I'm not familiar with Q4OS or its installation system, but I am very familiar with Ubuntu, having used it for more than a decade. The installer for Ubuntu has gotten
very good, certainly as good as the installer for Windows. It will lead you a step at a time, and if you follow the defaults you should wind up with a snappy installation.
BUT - I have to say this, with apologies to the pro-Linux crowd (which includes me). While Linux continues to get better and better at detecting every variety of hardware, there still will be situations where something doesn't quite work out of the box, and needs some tweaking or workarounds - this is especially true with laptops. The issue is this: in the effort to squeeze laptops down in size while maximizing battery life, laptop manufacturers use all sort of specialized peripherals (cameras, sound systems, wifi, etc.). Manufacturers work directly with Microsoft to make sure that Windows has the drivers needed to handle all of this specialized hardware. A few manufacturers also work to make sure all of the needed drivers are available for Linux (Dell tends to be good about this), but most do not. The good news is that Linux developers are very aggressive about creating any missing drivers ... the bad news is that sometimes it takes some time, or some finesse, to get these working.

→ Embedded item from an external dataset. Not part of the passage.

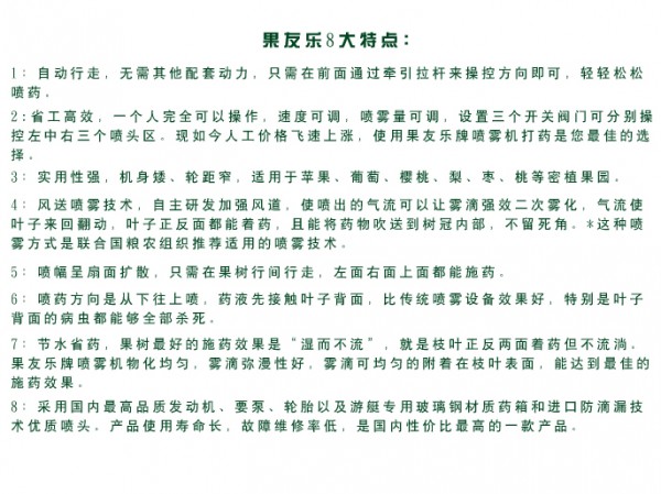 果友乐牌喷雾机是国内最专业的研发、生产小型自走式果园喷雾机的自主品牌。参考国外先进果园打药机械,改进国内传统产品的缺点与不足,集众家之所长。聘请中国农科院专家和国内多位果树专家亲临指导,历时一年多、耗资近百万研发出的一款国内最新型果园打药机械一果友乐牌喷雾机。

So: 9 times out of 10, you can install Ubuntu or another distro of Linux on your laptop, and "it just works." But there will be that 1 out of 10 experience that really needs a geek to get it set up. Now to be fair: with Windows, 9 times out of 10, you plug in your peripherals and it all works ... but Windows has a nasty habit of abandoning perfectly functional but older hardware, so you update Windows (or rather it does it for you, whether you want it to or not), and suddenly your printer won't work. This does
not happen with Linux - which is why Linux can be such an excellent solution for older hardware that still has plenty of life, but has been left behind by Windows.